**WHAT THE EXERCISE ASKS**
Only the lines below starting at the one that contains "Житель Украины по" and ending at the one that contains "Cutie cu 9 globuri" are to be reproduced, exactly and with both ends kept.

**EXERCISE INPUT**
---*---

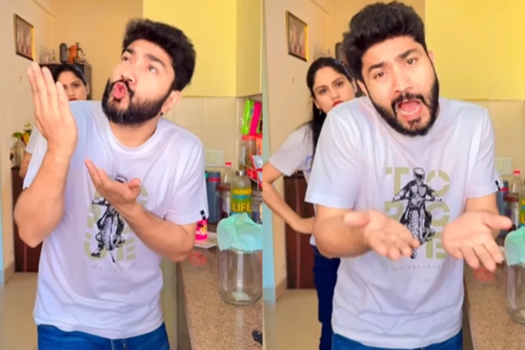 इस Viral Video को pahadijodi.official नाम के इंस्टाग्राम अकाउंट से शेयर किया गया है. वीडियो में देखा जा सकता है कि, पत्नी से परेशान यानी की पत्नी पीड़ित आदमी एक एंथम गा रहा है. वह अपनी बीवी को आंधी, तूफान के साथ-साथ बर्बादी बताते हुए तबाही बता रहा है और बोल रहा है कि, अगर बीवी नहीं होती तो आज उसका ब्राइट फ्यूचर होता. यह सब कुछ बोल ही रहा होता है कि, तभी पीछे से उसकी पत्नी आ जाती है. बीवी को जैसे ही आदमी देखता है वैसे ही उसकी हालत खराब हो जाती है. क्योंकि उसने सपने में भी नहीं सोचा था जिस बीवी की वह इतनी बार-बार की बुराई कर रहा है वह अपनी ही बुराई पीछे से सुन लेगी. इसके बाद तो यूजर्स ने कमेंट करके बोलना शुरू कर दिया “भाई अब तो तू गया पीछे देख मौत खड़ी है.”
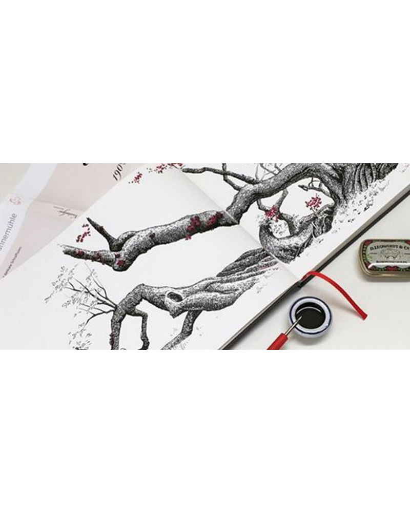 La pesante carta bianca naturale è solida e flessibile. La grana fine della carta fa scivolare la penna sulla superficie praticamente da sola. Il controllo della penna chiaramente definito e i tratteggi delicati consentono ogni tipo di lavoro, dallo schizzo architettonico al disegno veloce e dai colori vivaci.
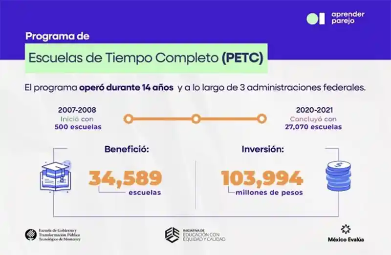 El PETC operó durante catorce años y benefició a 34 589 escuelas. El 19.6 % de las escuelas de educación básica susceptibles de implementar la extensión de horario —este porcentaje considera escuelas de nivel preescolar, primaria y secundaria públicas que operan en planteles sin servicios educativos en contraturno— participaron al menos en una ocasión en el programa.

---*---

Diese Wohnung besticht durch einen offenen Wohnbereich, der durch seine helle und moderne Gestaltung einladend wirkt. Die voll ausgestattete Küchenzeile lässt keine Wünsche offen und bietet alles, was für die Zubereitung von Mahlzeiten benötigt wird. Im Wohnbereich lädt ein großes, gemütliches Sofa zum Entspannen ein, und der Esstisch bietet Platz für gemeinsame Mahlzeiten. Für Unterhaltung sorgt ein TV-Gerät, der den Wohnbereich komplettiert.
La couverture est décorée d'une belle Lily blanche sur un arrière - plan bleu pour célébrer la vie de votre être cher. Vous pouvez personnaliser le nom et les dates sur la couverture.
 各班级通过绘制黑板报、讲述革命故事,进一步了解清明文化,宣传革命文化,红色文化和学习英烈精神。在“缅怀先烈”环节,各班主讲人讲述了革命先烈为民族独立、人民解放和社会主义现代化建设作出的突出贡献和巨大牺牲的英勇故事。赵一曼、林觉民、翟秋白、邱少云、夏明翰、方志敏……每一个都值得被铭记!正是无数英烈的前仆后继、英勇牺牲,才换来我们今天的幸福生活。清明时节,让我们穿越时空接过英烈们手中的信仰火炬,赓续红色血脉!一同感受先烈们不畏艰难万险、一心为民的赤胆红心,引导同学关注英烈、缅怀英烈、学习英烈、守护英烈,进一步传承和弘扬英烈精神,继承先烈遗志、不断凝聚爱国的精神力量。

---*---

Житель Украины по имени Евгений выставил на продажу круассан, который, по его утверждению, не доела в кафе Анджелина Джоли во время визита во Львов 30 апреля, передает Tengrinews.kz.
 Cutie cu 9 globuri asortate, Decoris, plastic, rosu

---*---

**RESULT FOR THIS EXERCISE**
Житель Украины по имени Евгений выставил на продажу круассан, который, по его утверждению, не доела в кафе Анджелина Джоли во время визита во Львов 30 апреля, передает Tengrinews.kz.
 Cutie cu 9 globuri asortate, Decoris, plastic, rosu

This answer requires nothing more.